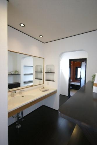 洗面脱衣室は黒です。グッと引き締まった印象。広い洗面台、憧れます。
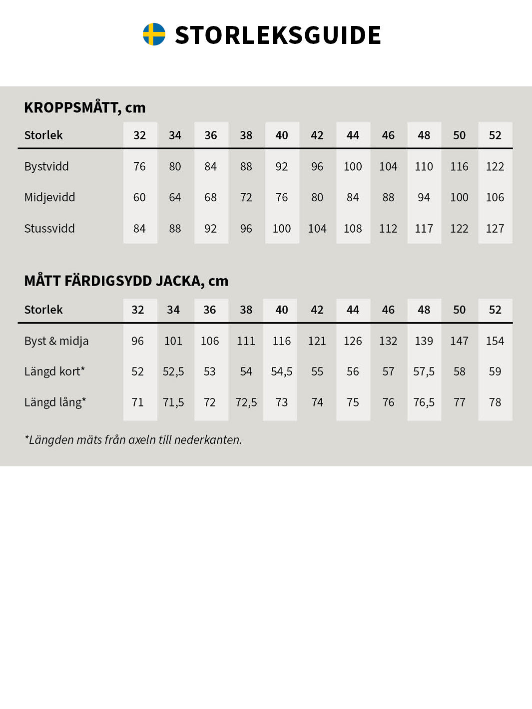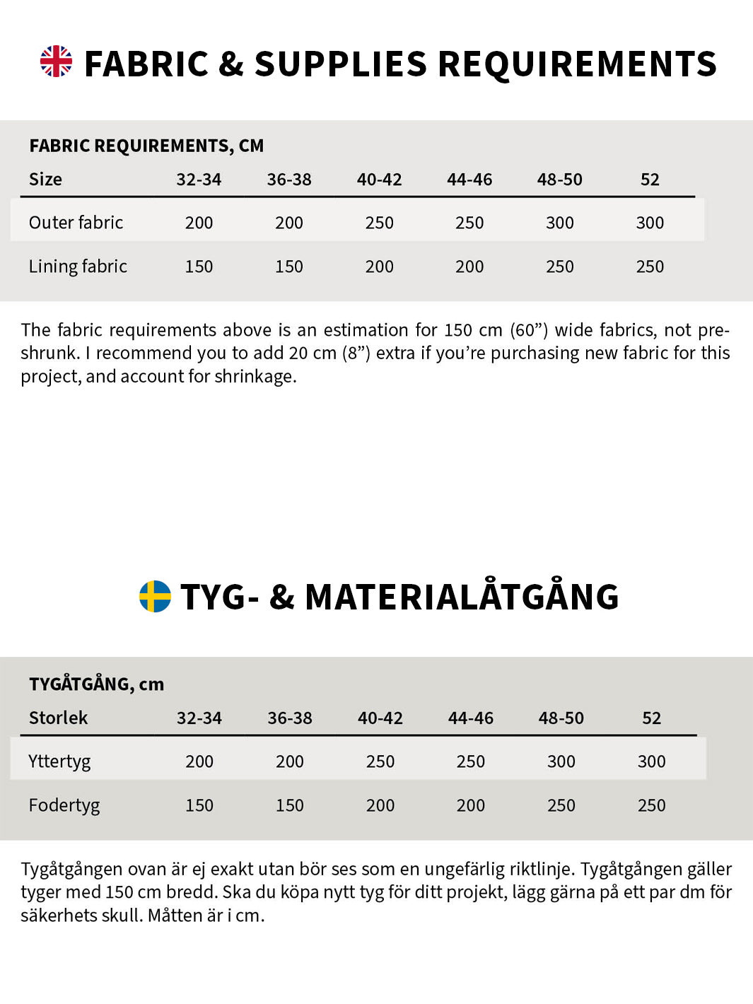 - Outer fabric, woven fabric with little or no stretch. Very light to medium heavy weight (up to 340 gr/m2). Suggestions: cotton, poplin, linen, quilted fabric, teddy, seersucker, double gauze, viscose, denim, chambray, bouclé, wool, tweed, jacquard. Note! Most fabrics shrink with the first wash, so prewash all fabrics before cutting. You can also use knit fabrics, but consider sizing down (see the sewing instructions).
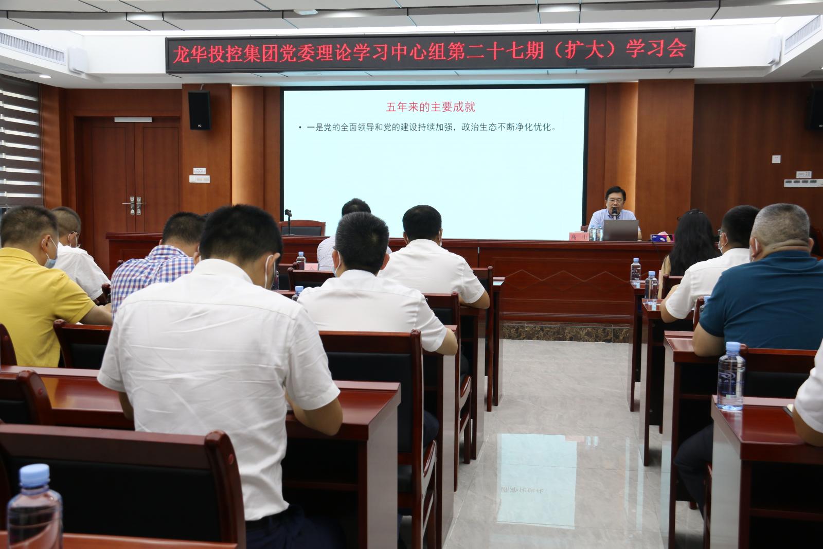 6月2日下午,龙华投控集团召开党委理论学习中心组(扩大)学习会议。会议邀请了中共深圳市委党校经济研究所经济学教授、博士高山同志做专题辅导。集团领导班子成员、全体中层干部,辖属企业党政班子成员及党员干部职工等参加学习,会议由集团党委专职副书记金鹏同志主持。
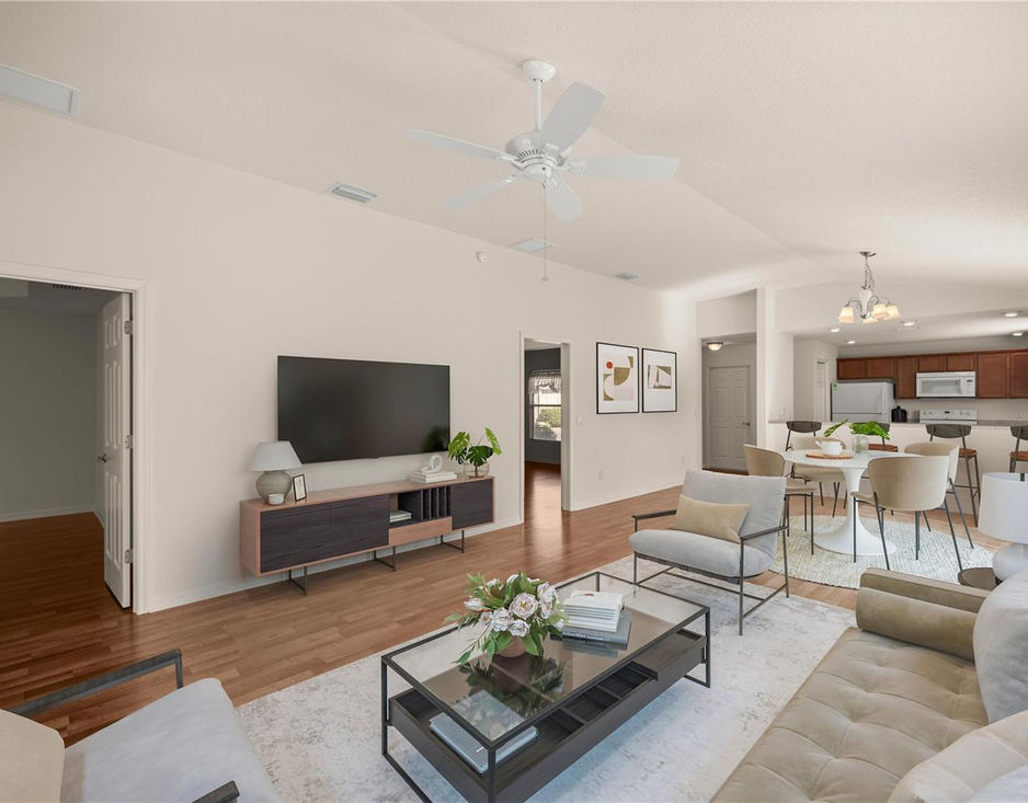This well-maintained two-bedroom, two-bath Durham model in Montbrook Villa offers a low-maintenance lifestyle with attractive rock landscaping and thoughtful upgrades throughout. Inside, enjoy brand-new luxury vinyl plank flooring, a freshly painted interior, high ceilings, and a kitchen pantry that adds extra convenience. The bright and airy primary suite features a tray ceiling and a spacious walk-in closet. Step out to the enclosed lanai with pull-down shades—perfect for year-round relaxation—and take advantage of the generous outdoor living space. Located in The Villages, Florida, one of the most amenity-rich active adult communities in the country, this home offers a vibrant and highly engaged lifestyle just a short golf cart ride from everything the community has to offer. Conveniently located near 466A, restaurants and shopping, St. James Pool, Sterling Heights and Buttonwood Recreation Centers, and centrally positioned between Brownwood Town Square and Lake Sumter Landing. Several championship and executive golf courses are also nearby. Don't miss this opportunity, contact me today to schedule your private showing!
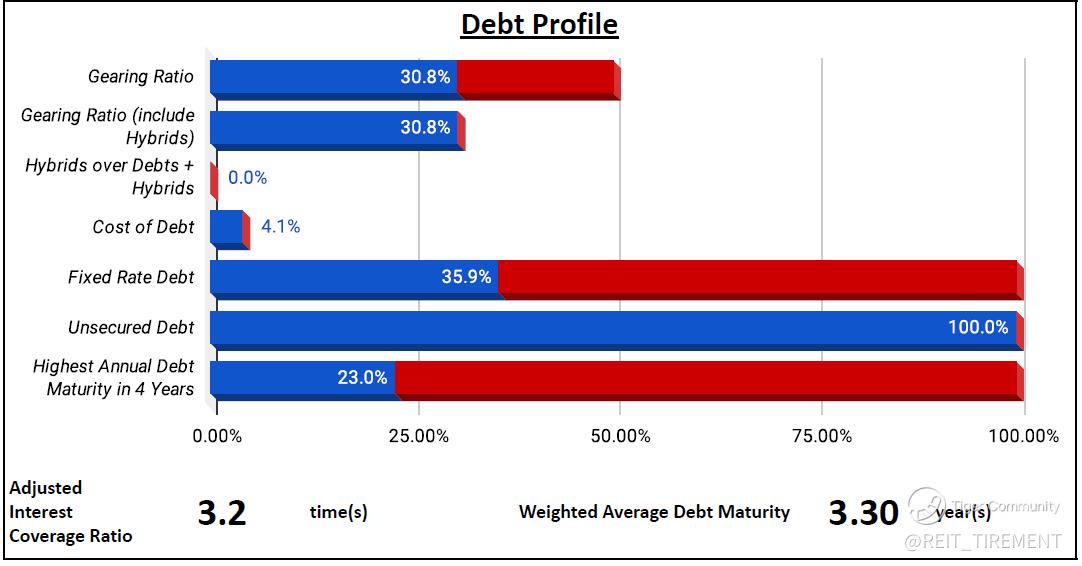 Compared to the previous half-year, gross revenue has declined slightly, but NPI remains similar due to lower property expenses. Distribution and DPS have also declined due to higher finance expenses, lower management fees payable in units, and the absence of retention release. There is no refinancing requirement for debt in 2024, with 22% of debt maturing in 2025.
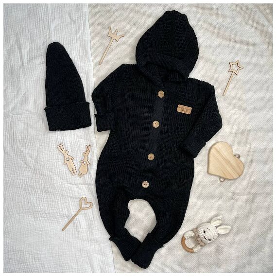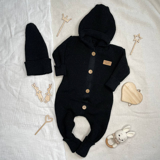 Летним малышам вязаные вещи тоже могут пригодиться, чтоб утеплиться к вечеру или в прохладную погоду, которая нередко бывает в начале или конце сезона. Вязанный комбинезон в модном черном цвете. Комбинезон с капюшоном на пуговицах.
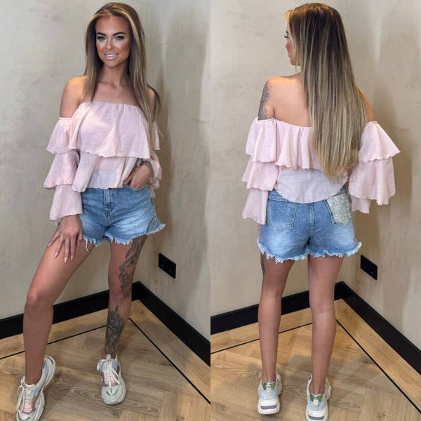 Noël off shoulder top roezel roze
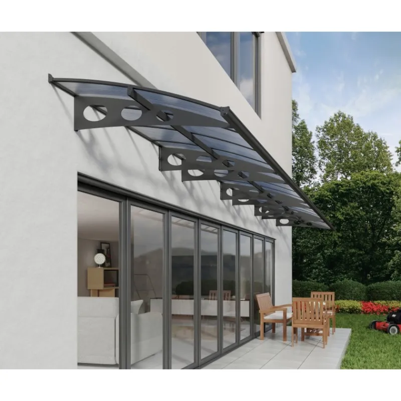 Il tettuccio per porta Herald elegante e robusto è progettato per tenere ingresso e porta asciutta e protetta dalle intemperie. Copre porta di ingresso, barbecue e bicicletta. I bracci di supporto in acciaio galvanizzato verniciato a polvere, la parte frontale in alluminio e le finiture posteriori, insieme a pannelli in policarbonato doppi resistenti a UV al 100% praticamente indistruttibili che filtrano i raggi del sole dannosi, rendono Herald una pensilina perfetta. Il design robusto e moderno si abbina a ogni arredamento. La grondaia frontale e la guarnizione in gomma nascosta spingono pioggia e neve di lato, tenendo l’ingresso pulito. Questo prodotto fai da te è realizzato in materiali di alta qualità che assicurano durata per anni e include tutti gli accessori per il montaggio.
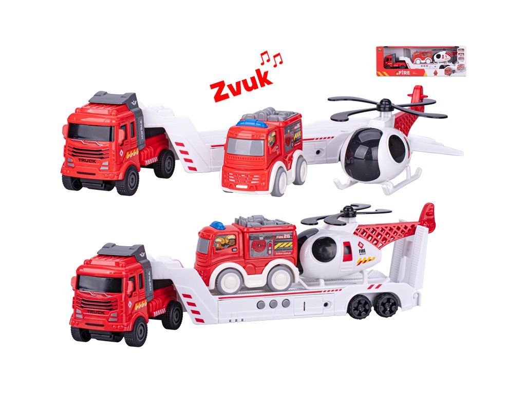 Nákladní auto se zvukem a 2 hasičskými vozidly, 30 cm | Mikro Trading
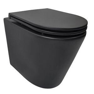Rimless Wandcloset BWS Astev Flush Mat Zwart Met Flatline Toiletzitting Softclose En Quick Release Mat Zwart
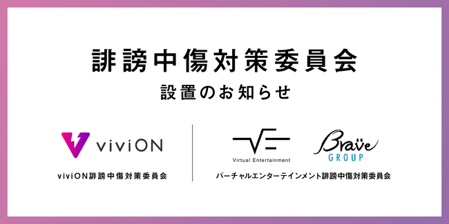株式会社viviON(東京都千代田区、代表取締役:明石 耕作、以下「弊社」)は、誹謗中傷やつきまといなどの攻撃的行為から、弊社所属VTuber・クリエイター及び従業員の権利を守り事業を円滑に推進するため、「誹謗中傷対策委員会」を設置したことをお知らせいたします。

→ ABOUT THIS TASK:
Within these entries, output exactly the lines starting at the one with "Летним малышам вязаные" and finishing at the one with "Noël off shoulder top roezel roze". Leave pictures out of the output.

→ RESULT FOR THIS EXERCISE:
 Летним малышам вязаные вещи тоже могут пригодиться, чтоб утеплиться к вечеру или в прохладную погоду, которая нередко бывает в начале или конце сезона. Вязанный комбинезон в модном черном цвете. Комбинезон с капюшоном на пуговицах.
 Noël off shoulder top roezel roze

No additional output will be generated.